To satisfy these requirements, the following classes and properties were defined.

ef:EnvironmentalMonitoringFacility is a spatial entity that collects or processes data about real-world objects whose properties (physical, chemical, biological or other aspects of environmental conditions) are observed or measured. Within the SmOD vocabularies, it is defined as a sub-class of gsp:SpatialObject.

ef:specialisedEMFType provides categorisation of EMF, such as platform, site, station, sensor, etc. INSPIRE has a codelist for this however, it is empty and therefore adds little value. For the ARPA pilot, the need is to represent the EMF type for humans, not to integrate/link it with similar datasets and so ef:specialisedEMFType is a datatype property that takes a literal value.

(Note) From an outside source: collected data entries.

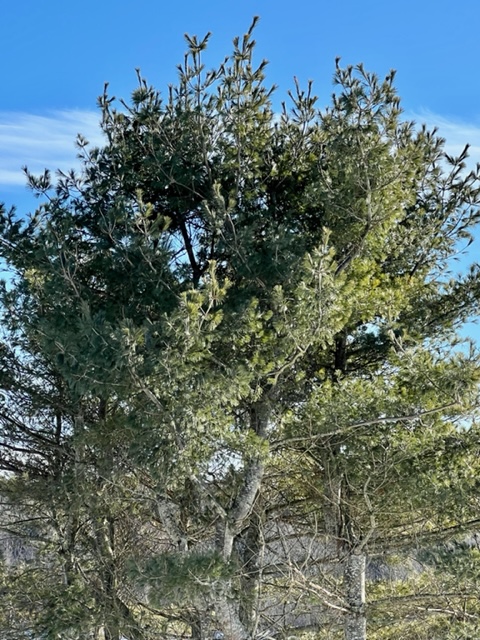 Meanwhile, it has warmed up to -14C and when I stepped outside I could not feel the wind immediately. Standing in the bright sunshine I detected an unusual sound. Looking around I realized it stemmed from the tree and its reaction to the slight breeze. It sounded like thin layers of ice breaking up on a lake due to wind action.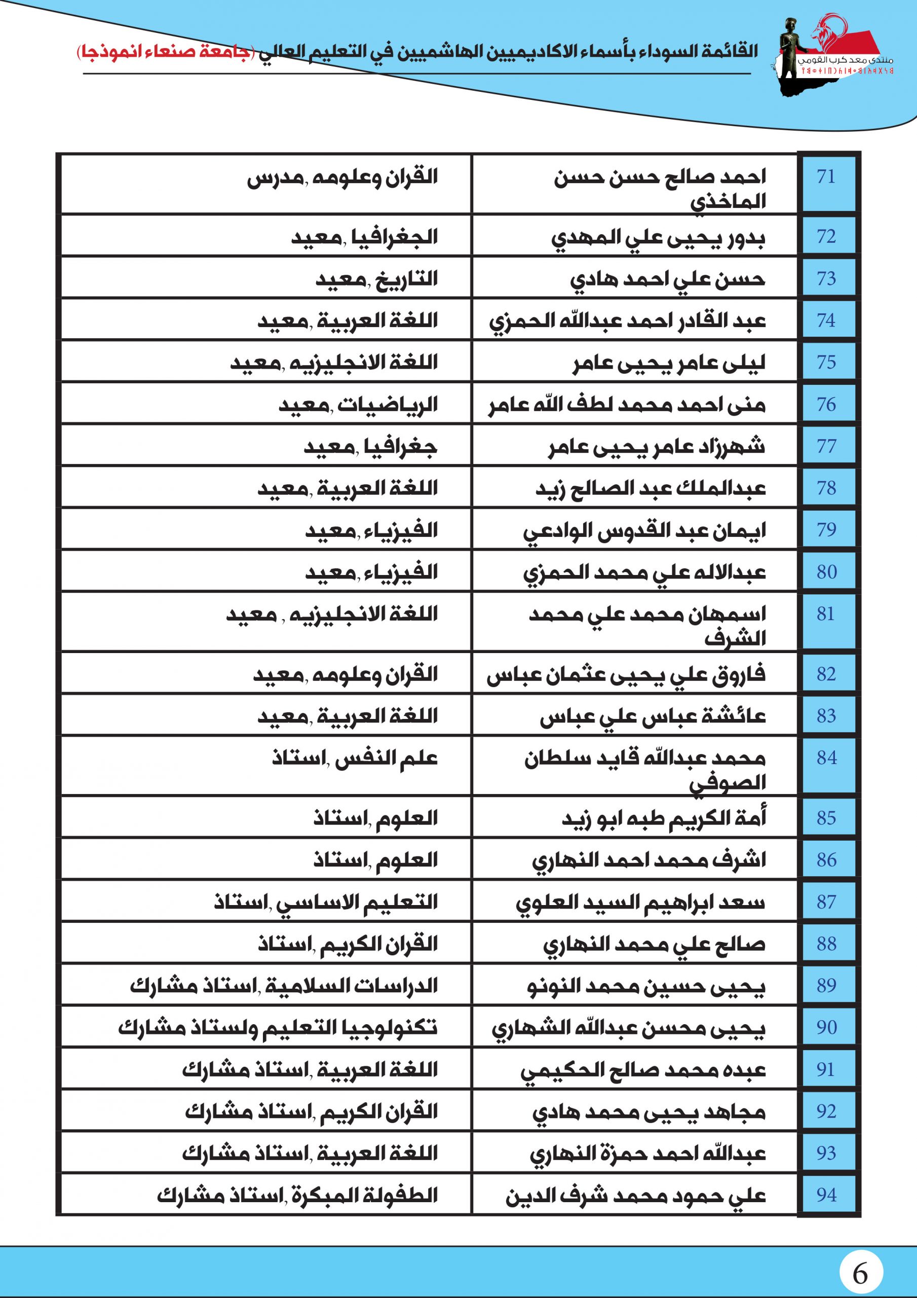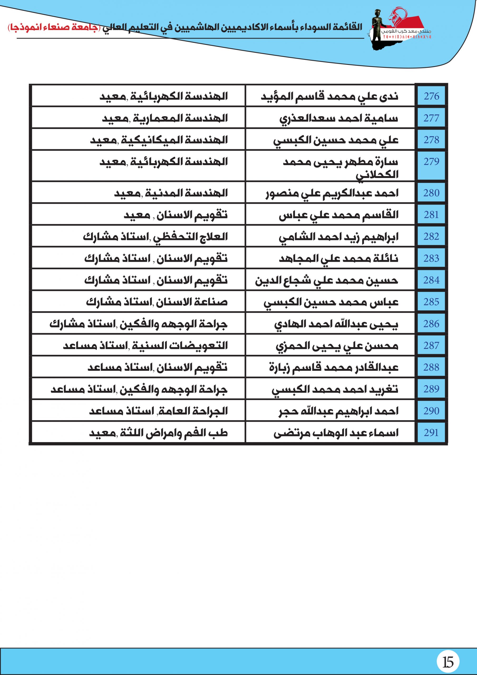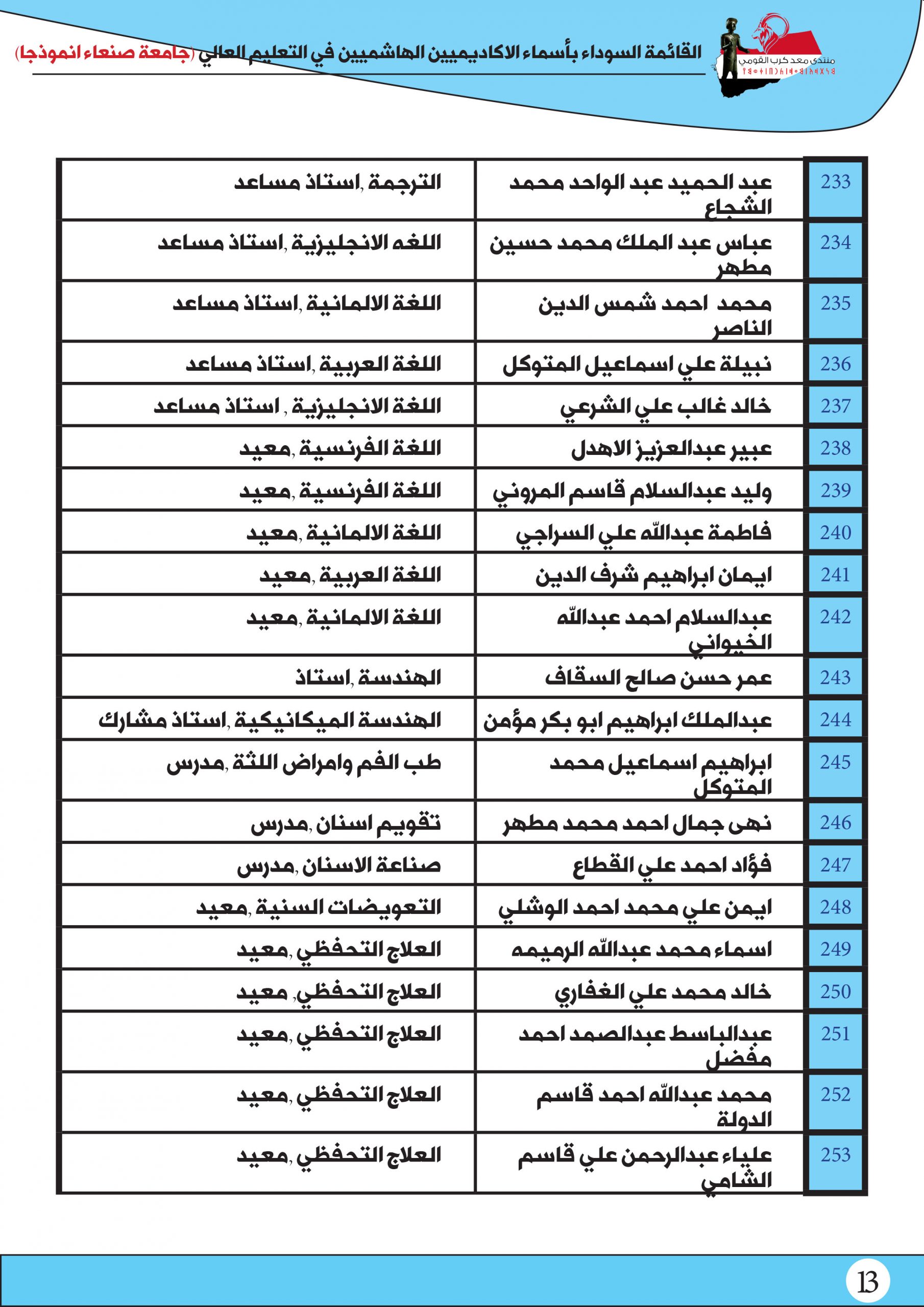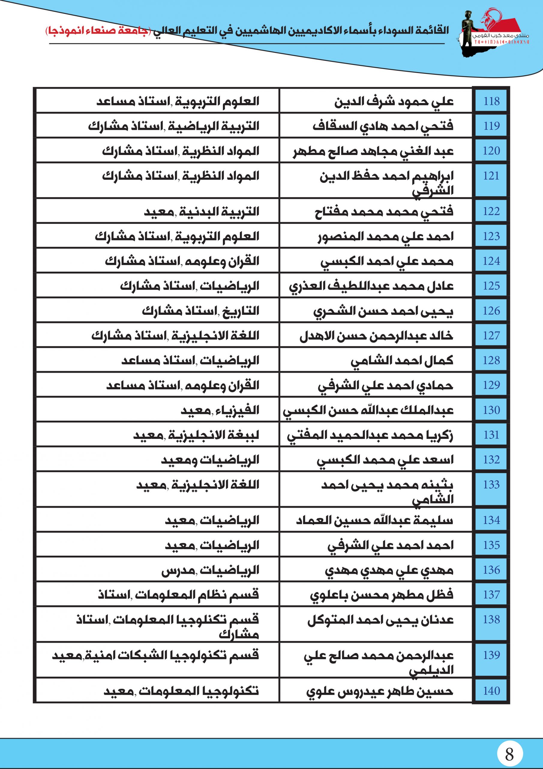 كشف منتدى معد كرب القومي عن قائمة سوداء مكونة من 291 اسمًا لقيادات وكوادر وشخصيات هاشمية دفع بهم الحوثي للسيطرة على التعليم العالي في الجامعات اليمنية وتحديدًا جامعة صنعاء..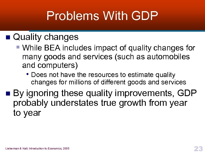 Problems With GDP n Quality changes § While BEA includes impact of quality changes for many goods and services (such as automobiles and computers) • Does not have the resources to estimate quality changes for millions of different goods and services n By ignoring these quality improvements, GDP probably understates true growth from year to year Lieberman & Hall; Introduction to Economics, 2005 23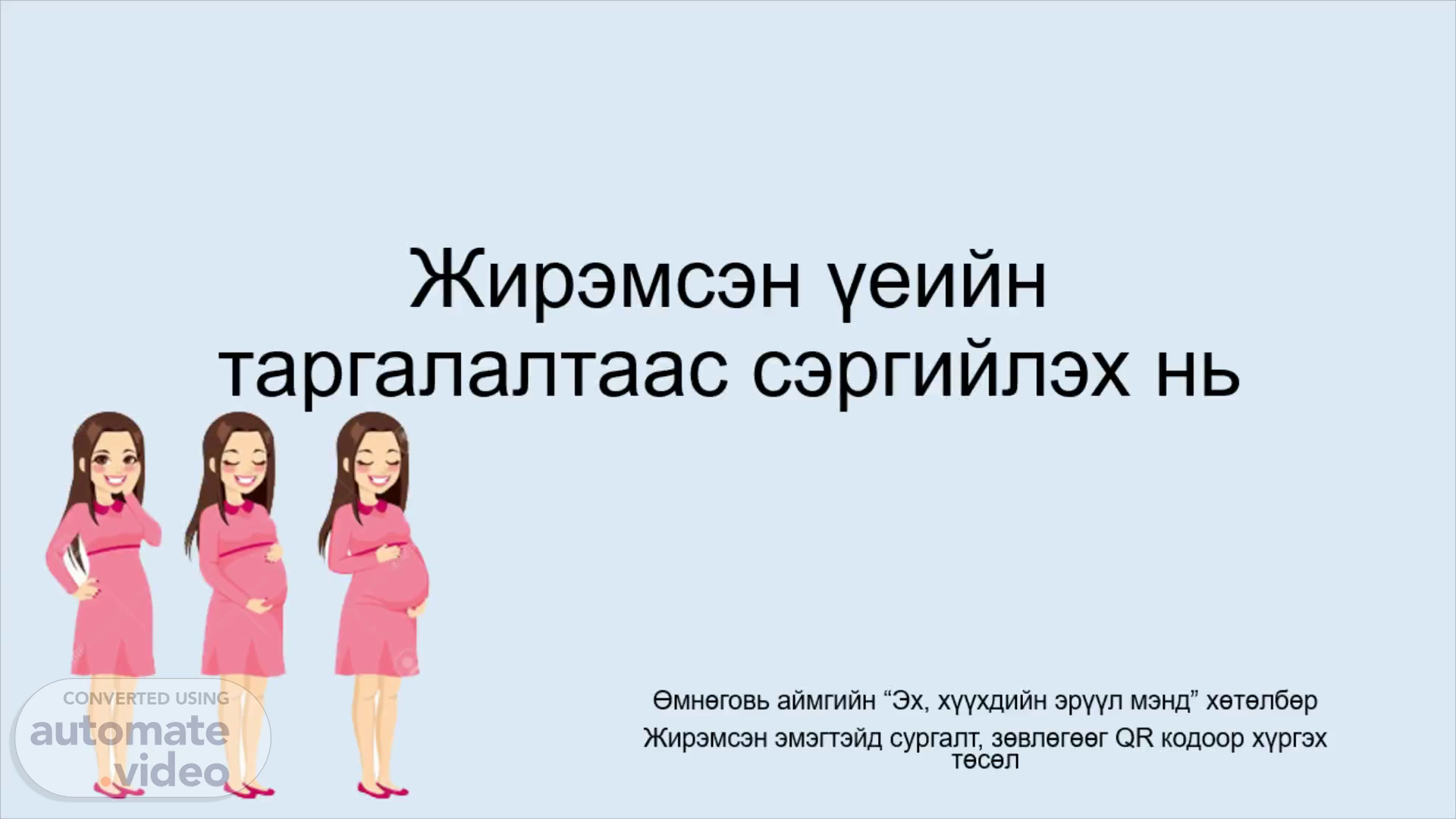 Жирэмсэн үеийн таргалалтаас сэргийлэх нь. Өмнөговь аймгийн “Эх, хүүхдийн эрүүл мэнд” хөтөлбөр Жирэмсэн эмэгтэйд сургалт, зөвлөгөөг QR кодоор хүргэх төсөл.
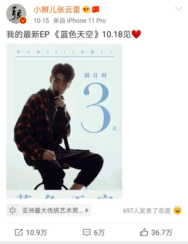 张云雷的最新EP《蓝色天空》将于10月18日正式发行,这也是他继毓贞之后,在音乐领域的第二次尝试。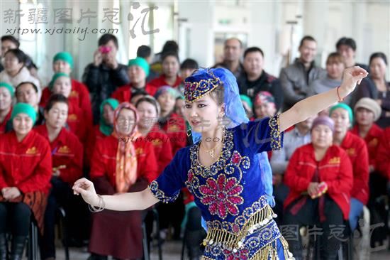2013年12月24日,新疆哈密市各族职工在表演民族舞蹈。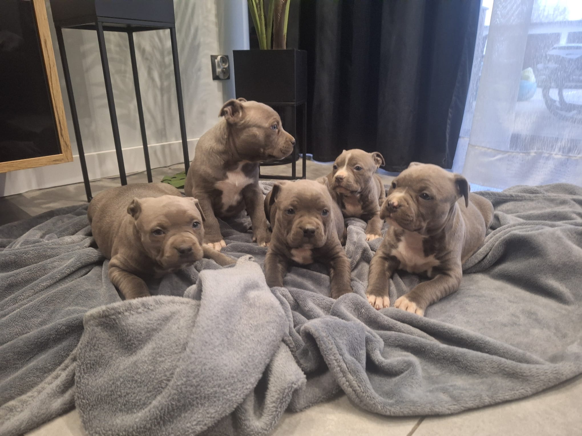 Unsere Zucht entstand aus der Liebe zur American Staffordshire Terrier Rasse. Unsere Hunde sind vollwertige Familienmitglieder und werden mit größter Sorgfalt und Hingabe gezüchtet. Um ihre Gesundheit zu gewährleisten, produzieren wir auch unser eigenes BARF Hundefutter. Unsere Hunde werden regelmäßig tierärztlich untersucht, entwurmt und geimpft. Erfahren Sie mehr über unsere Leidenschaft und unsere Zucht.

The code list for 'purpose', defined in SMOD as ef:purpose, is also empty, so, again, SmOD defines this as a datatype property.

The INPSIRE registry does, however, include a SKOS Concept Scheme that offers values for the ef:mediaMonitored property (air, biota, etc.). This object property therefore has a range of skos:Concept and a domain of ef:EnvironmentalMonitoringFacility.

Cadastral Parcels

Namespacehttp://www.w3.org/2015/03/inspire/cp#
Classcp:CadastralParcel
Datatype Propertycp:nationalCadastralReference

This very simple vocabulary introduces the Cadastral Parcel class, defined as a sub class of gsp:SpatialObject. Just one property is defined, cp:nationalCadastralReference, the value of which should be the thematic identifier at national level, generally the full national code of the basic property unit. Must ensure the link to the national cadastral register or equivalent.